Testosterone Enanthate Cost vs. Alternatives: A Class-Wide Price and Efficacy Comparison

Testosterone Enanthate Cost vs. Alternatives in Class
At a glance
- Generic testosterone enanthate cash price / $30 to $60 per month (200 mg/mL vial)
- Generic testosterone cypionate cash price / $30 to $50 per month (comparable)
- AndroGel 1.62% cash price / $500 to $750 per month
- Aveed (testosterone undecanoate injection) / $1,500 to $3,000 per injection every 10 weeks
- Jatenzo (oral testosterone undecanoate) / $600 to $900 per month
- Natesto (nasal testosterone) / $500 to $700 per month
- Testopel (subcutaneous pellets) / $500 to $1,000 per insertion every 3 to 6 months
- Xyosted (subcutaneous enanthate autoinjector) / $550 to $800 per month
- Insurance tier / Generic injectables typically Tier 1; brand formulations Tier 3 or prior authorization required
- Clinical equivalence / All FDA-approved formulations restore serum testosterone when dosed appropriately
How Testosterone Enanthate Works
Testosterone enanthate is an esterified prodrug of endogenous testosterone. After intramuscular injection, the enanthate ester undergoes hydrolysis by tissue esterases, releasing free testosterone into systemic circulation over approximately 7 to 10 days. This pharmacokinetic profile supports weekly or biweekly dosing in clinical practice.
The released testosterone binds androgen receptors in skeletal muscle, bone, adipose tissue, brain, and reproductive organs. It also undergoes 5-alpha reduction to dihydrotestosterone (DHT) and aromatization to estradiol, both of which contribute to the full spectrum of androgenic and anabolic effects. The Endocrine Society's 2018 clinical practice guideline recommends targeting mid-normal serum testosterone levels of 450 to 600 ng/dL for most hypogonadal men on replacement therapy.
Peak serum testosterone typically occurs 24 to 48 hours post-injection, with trough levels reached by day 7. This pharmacokinetic curve is nearly identical to that of testosterone cypionate, which uses a slightly longer cyclopentylpropionate ester.
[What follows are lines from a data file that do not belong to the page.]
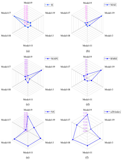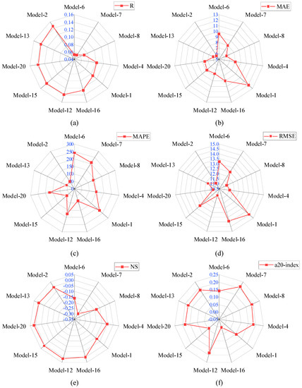 Comparison of performance indices of Group-II models; (a) R, (b) MAE, (c) MAPE, (d) RMSE, (e) NS, (f) a-20 index.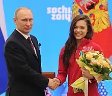 Sotnikova won the gold medal in the ladies' individual event with an overall score of 224.59 points, becoming one of the youngest Olympic figure skating champions. She was second behind the defending Olympic and reigning World Champion Kim Yuna by 0.28 point after the short program, but overtook Kim by winning the free skate.[21][22][23] However, Sotnikova's victory was controversial due to allegations of judges' impartiality and criticisms of the scoring system.[24][25][26] Questions over the judges, the judging system, and the anonymity of scores were also raised in the press.[27] In the press conference after her win at the Olympics, Sotnikova stated that she became "more motivated to win the singles competition" after not being chosen to compete in the earlier team competition.[20][28][29][30] She was awarded the Order of Friendship by Vladimir Putin on 24 February 2014.[31] Sotnikova did not participate in the 2014 World Championships held in Saitama, Japan.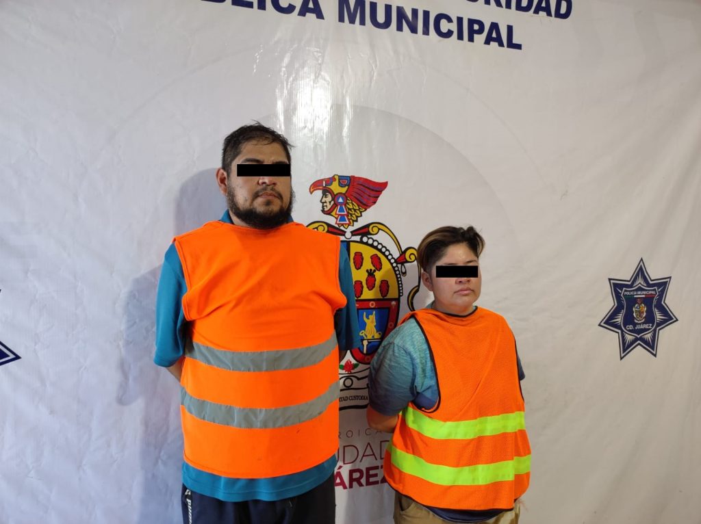 Mario Marcos M. P. y Reyna Guadalupe R. A., fueron detenidos ayer por Elementos de la Secretaría de Seguridad Pública Municipal, luego de que fueran señalados por entrar armados a un banco.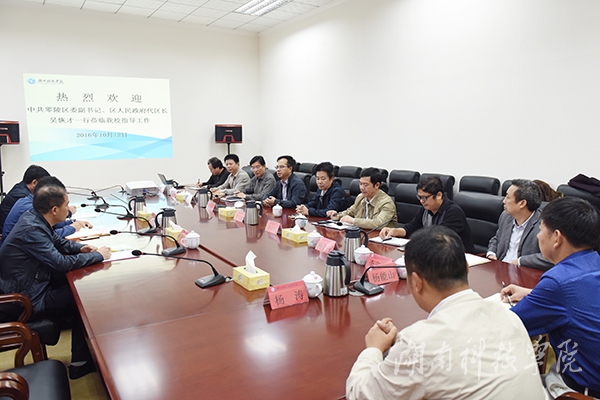 本网讯(记者 张云芳 摄影 何帅文)10月12日上午,中共零陵区委副书记、区人民政府代区长吴恢才来校调研,参观了校园并就加强校地合作等进行了深入洽谈。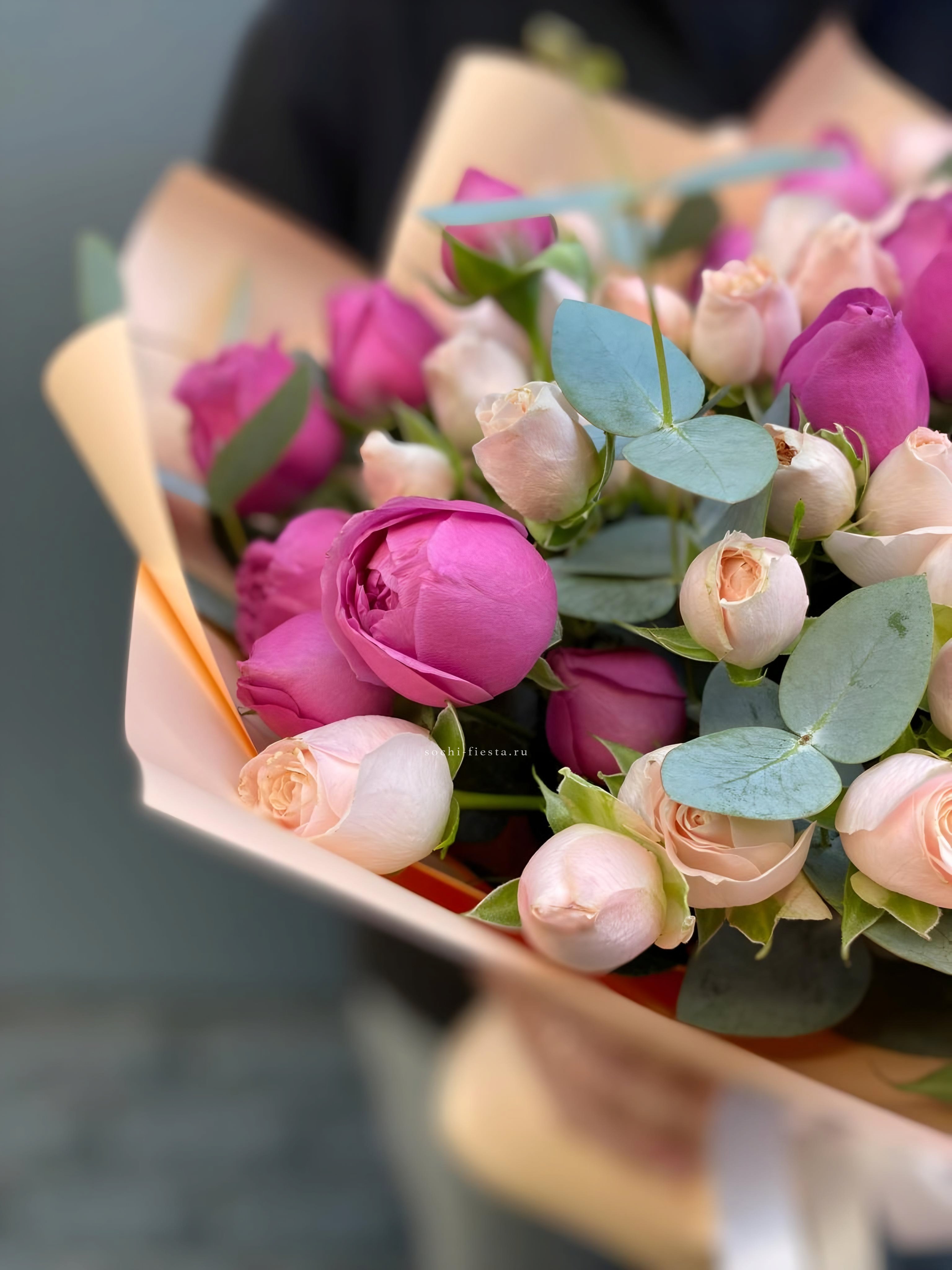 Пионовидные кустовые розы раскрываются пышными шапками, где каждый бутон живет своим ритмом. Многоцветковые стебли формируют воздушный объем, а плотность лепестков дает глубину и визуальную наполненность всей композиции.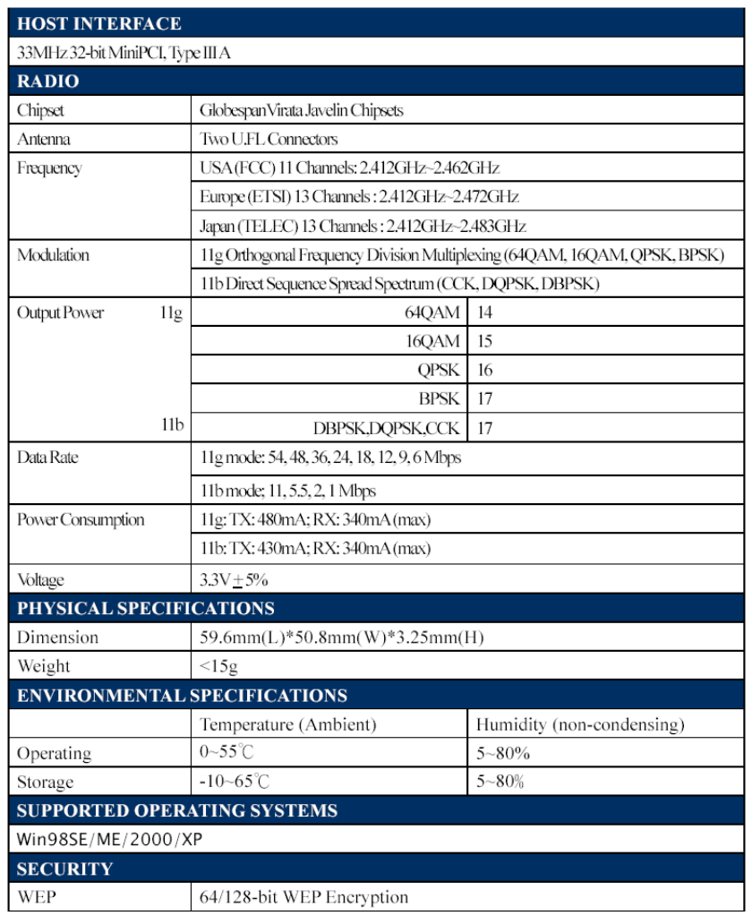 IEEE 802.11 b/g WLAN MiniPCI Card is the perfect solution for your wireless network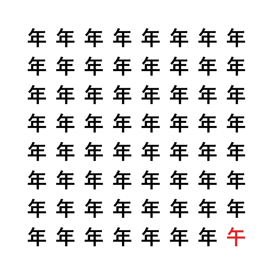 「年」と「午」で線の数と形が異なっています。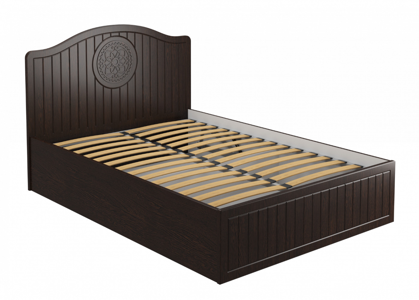 Кровать полутороспальная с подъемным механизмом Монблан МБ-605К - элегантная кровать станет идеальным элементом для создания роскошного интерьера в спальной комнате. Модель оснащена прочным ортопедическим основанием (ламели) с подъемным механизмом и коробом для хранения постельного белья. Модульная система мебели Монблан - это удачное сочетание качества и привлекательного дизайна, которое не оставит равнодушным никого. Рекомендуемый размер матраса в мм: 1400х2000х160-200. Высота изножья 410 мм. Изголовье, изножье и царги выполнены из МДФ 25 мм. Матрас утопает в основание на 50 мм.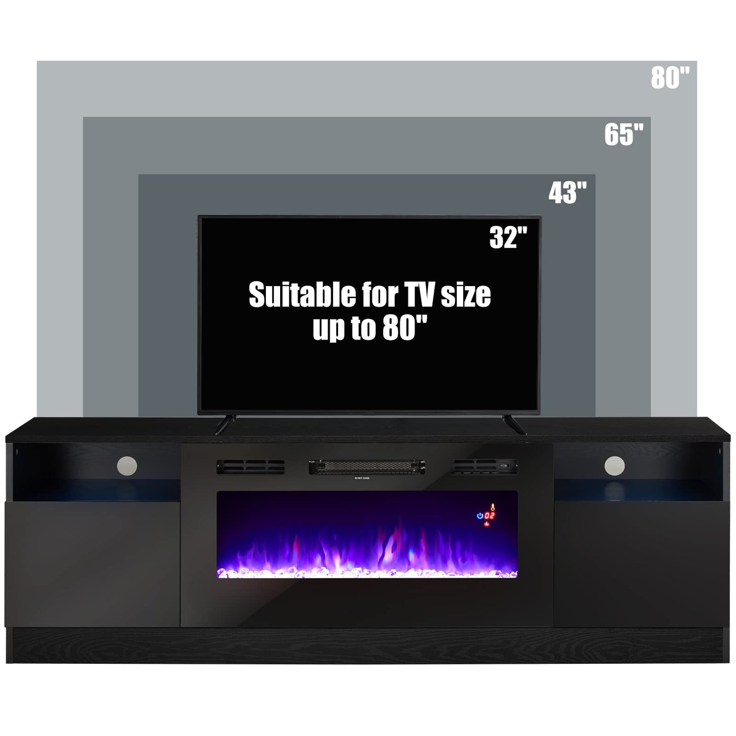 - Overall Dimensions: 70" W x 23" H x 13.8"D. For flat curved screen TV up to 80 inches. Electric fireplace: 36"x18.5". 750W/1500W modes perform adjustable power capacity accordingly for both warm and energy-saving purposes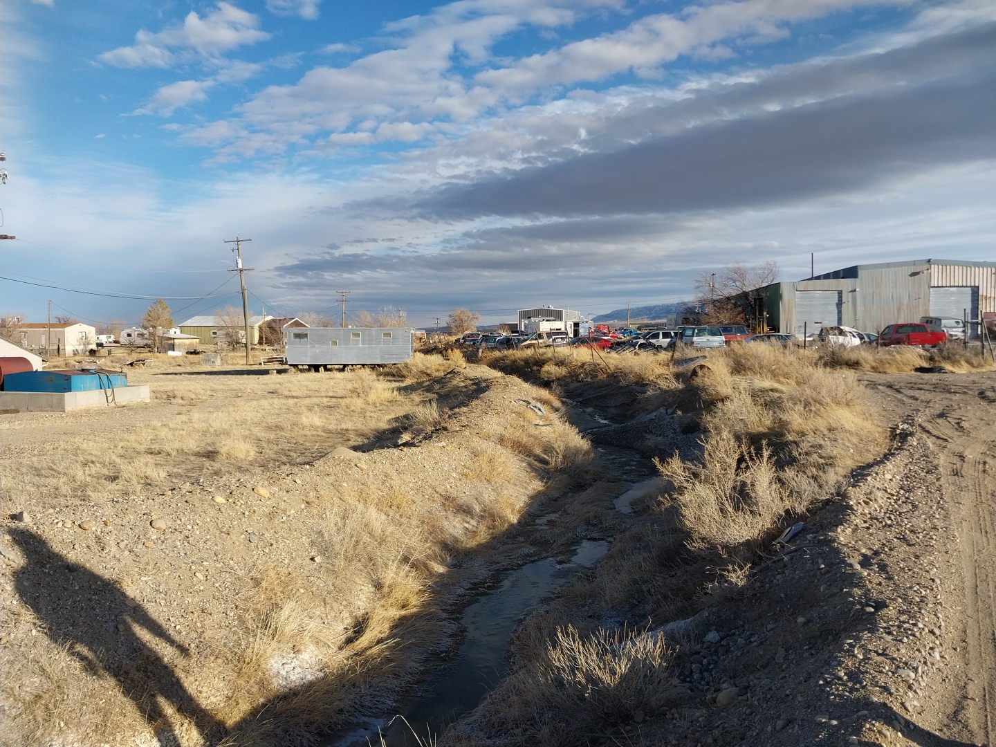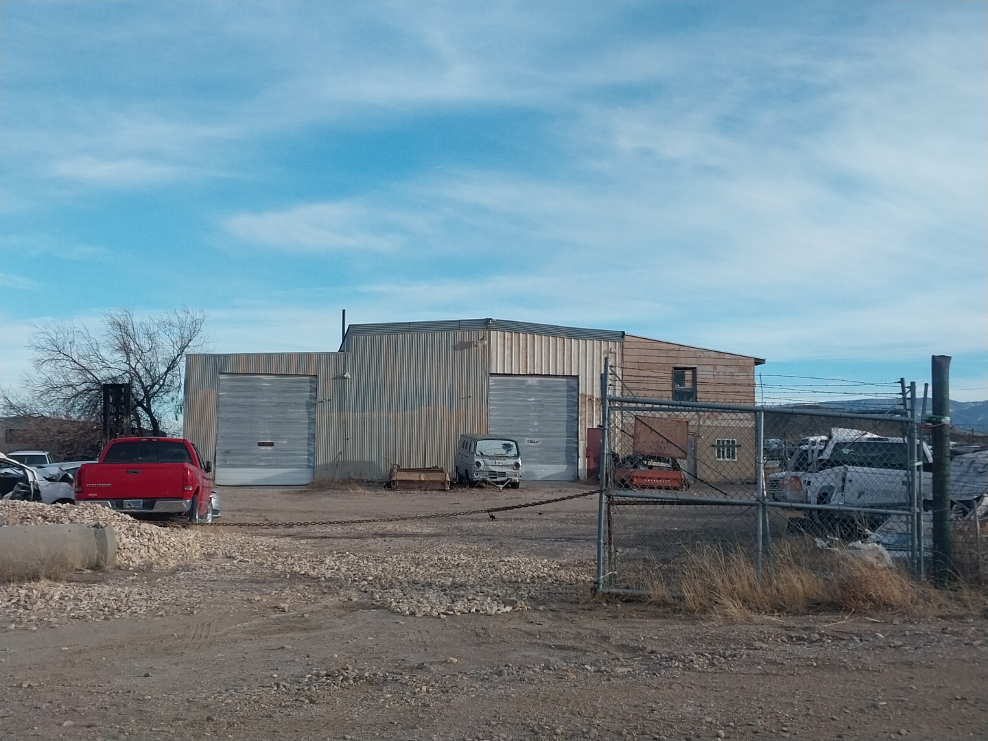 5.19 Acre of Heavy Industrial zoned land with two shops. First shop is 60’x100′ with 3 overhead doors and two level office area attached 18’x40′.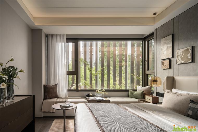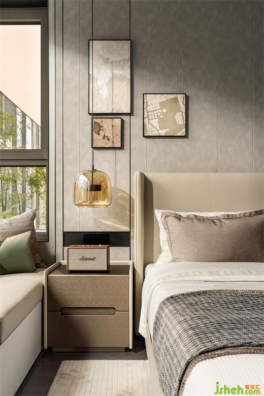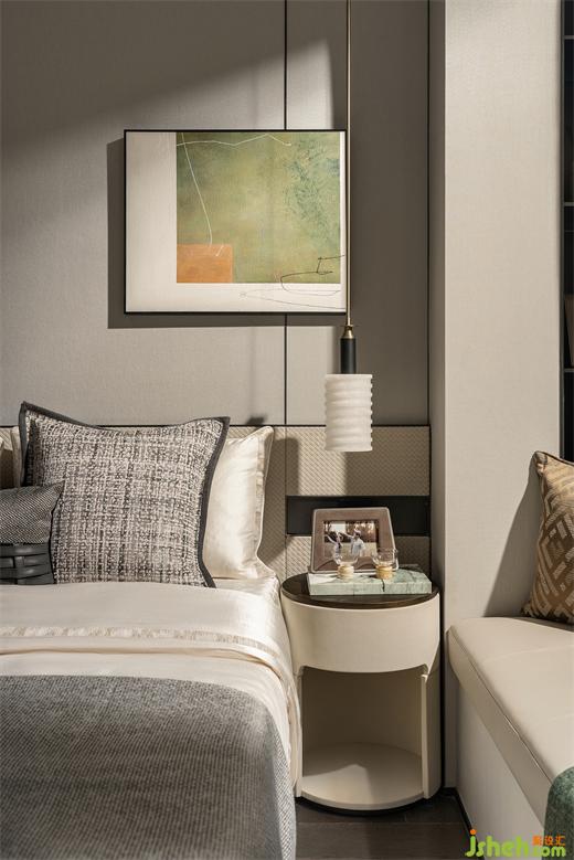 次臥低調(diào)含蓄的床頭吊燈奠定空間基調(diào),空間中材質(zhì)肌理豐富卻內(nèi)斂,利用不同明度和色彩傾向的灰色賦予空間輕奢優(yōu)雅的品質(zhì)感。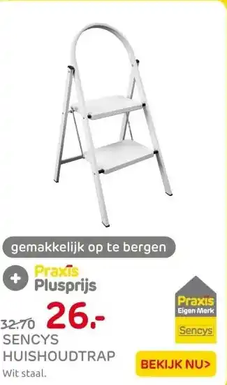 De prijs van de Sencys huishoudtrap wit 2-treeds kan ook teruggevonden worden hierboven op de pagina, samen met de datum van wanneer de aanbieding beschikbaar is. Ook kun je de prijzen in de huidige Praxis folder of op de Praxis website controleren. De aanbiedingen verzekeren je van het kopen van de Praxis producten voor de laagste prijs.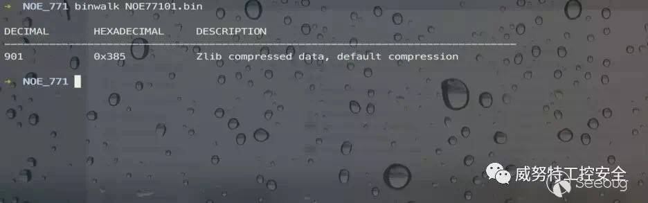 首先,使用Binwalk來確認該文件的壓縮類型,發現為zlib類型,如圖1所示。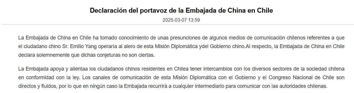 El caso ha generado gran controversia debido a los supuestos favores que Yang habría realizado y cobrado tanto a la parlamentaria como al Municipio de Santiago. En ese contexto, la misión diplomática china emitió un comunicado en el que rechaza categóricamente cualquier nexo con el empresario.
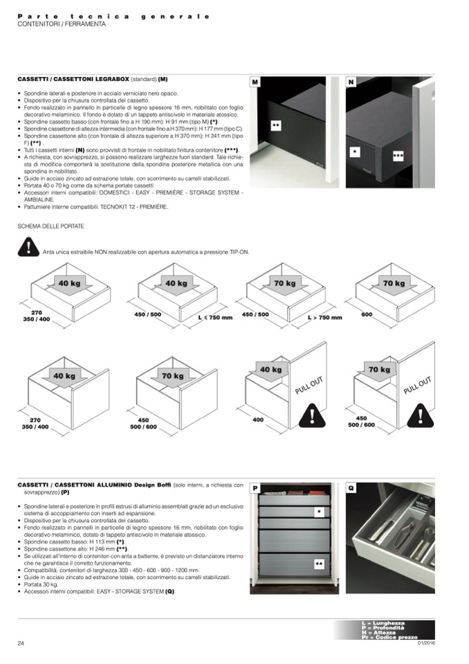 • Portata 40 o 70 kg come da schema portate cassetti.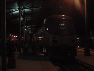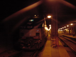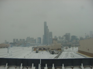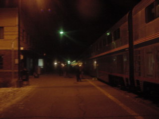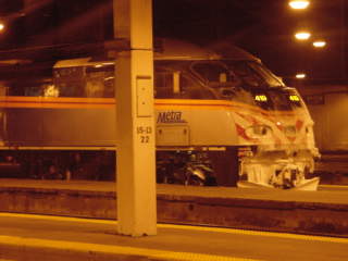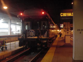 Chicago 1/1/2008I was off to the Metropolitan Lounge and stored my bags then went for a walk around the station finding most stores closed. Back in the warmth of the lounge, I recharged the camera batteries as I relaxed on the first day of 2008 which was Day 4,731 of my Sobriety. My first musical choice of the year was Ted Nugent's "Full Bluntal Nugity", followed by the Poxy Boggard's "Larger than Life" then Frank Zappa's "Apostrophe". I bought a cinnamon roll and mailed a postcard as I waited for the westbound Empire Builder to board. The conductor took my ticket before boarding commenced and two trains, the California Zephyr and the Texas Eagle, were called first.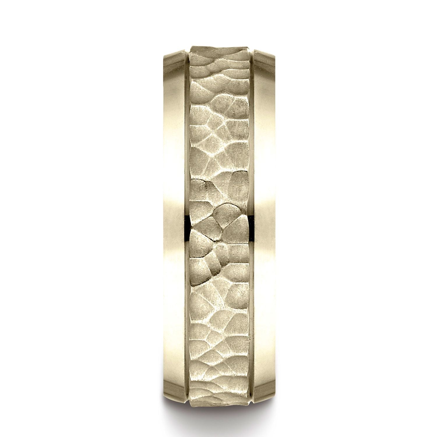 แถบสีเหลือง 18 กะรัต ขนาด 7.5 มม. นี้มีขอบเอียงและพื้นผิวแบบตีด้วยค้อนเพื่อรูปลักษณ์ที่ทันสมัยอย่างเป็นเอกลักษณ์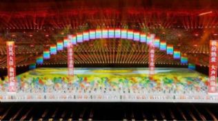 在数万名观众的期待中,聚光灯下,一位手持红绸的舞者飞步进入舞台中央,舒展奔放。那一抹飞扬的红绸,伴随有力的舞蹈幻化为倒计时的数字影像,点燃了全场的热情。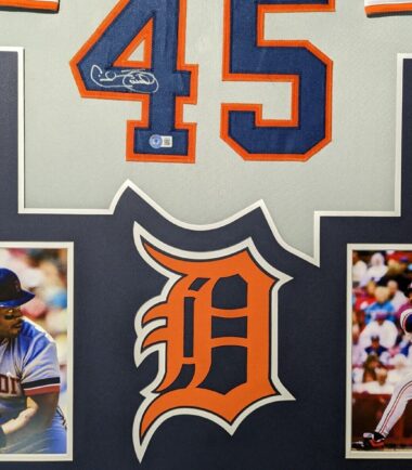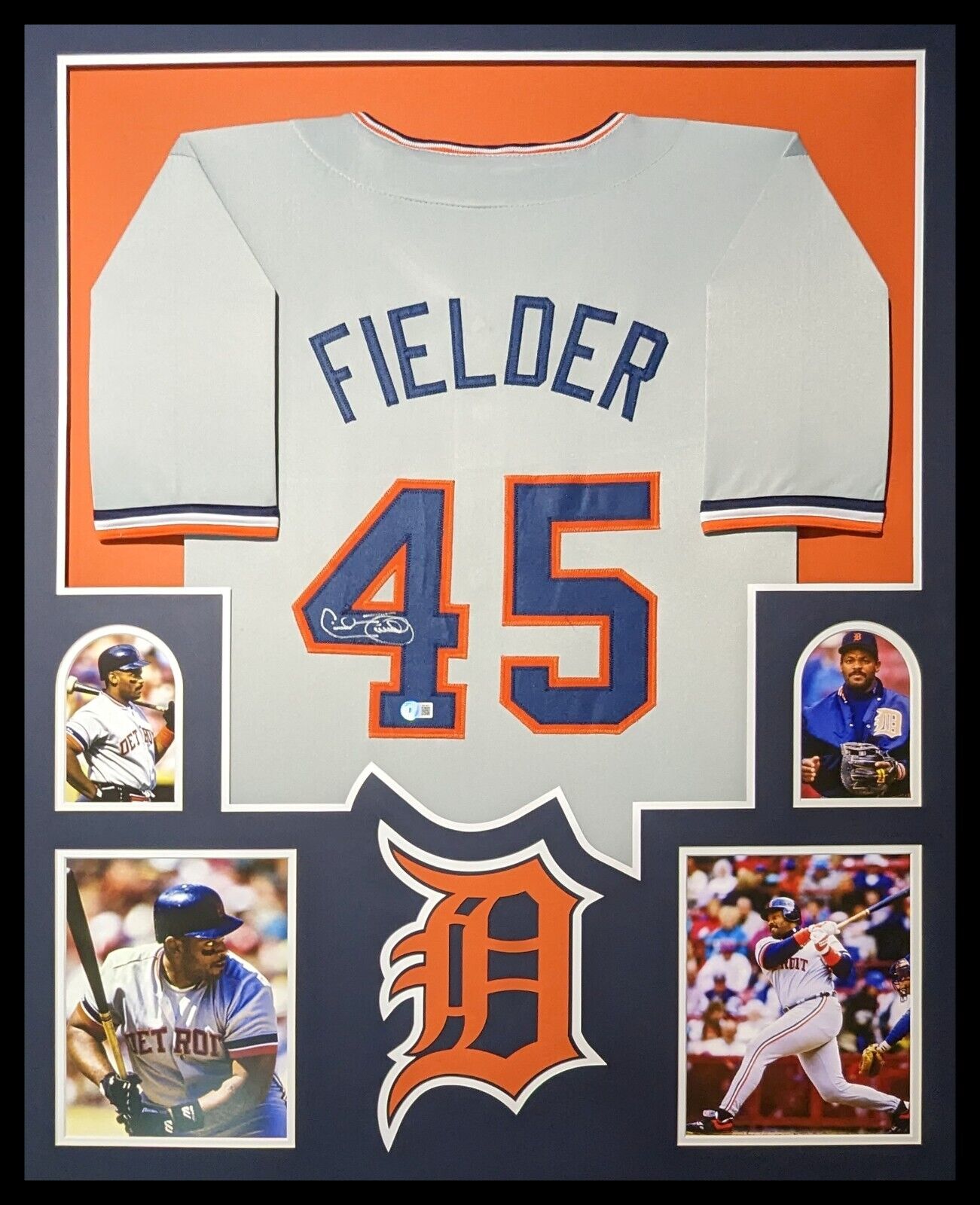 Custom Framed Cecil Fielder hand signed Detroit Tigers style custom jersey.Beckett HoloThe authentication is from Beckett. This signature is WITNESSED by a representative of Beckett! 100% AUTHENTIC!!! The jersey has fully stitched numbers on the front and back. It is a great item and a must for all great sports fans!This item is professionally framed, it measures 32”x40” inside , 42”x34” outside , using UV protective Acrylic glass for safe keeping and safe transport, team color matting, black moulding and hanging hooks on the back. All additional items in frame seen in pictures included. 100% ready to hang in your fan cave.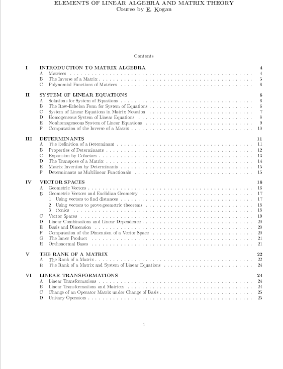 线性代数和矩阵理论基础 Elements of Linear Algebra and Matrix Theory-course by E. kogan.rar

A pharmacokinetic comparison study found that the two esters produce statistically indistinguishable serum testosterone profiles at equivalent doses, a finding that directly informs the cost discussion below.
Generic Enanthate and Cypionate: The Price Baseline
Generic testosterone enanthate and generic testosterone cypionate are the two lowest-cost options for TRT in the United States. Both are priced between $30 and $60 per month at most retail pharmacies for a standard 200 mg/mL, 1 mL vial. With a GoodRx-type discount coupon, some patients pay as little as $20 per month.
This pricing reflects decades of generic competition. The original brand Delatestryl (testosterone enanthate) lost patent protection long ago, and multiple manufacturers now produce both esters. The FDA's Orange Book lists several therapeutically equivalent generic versions.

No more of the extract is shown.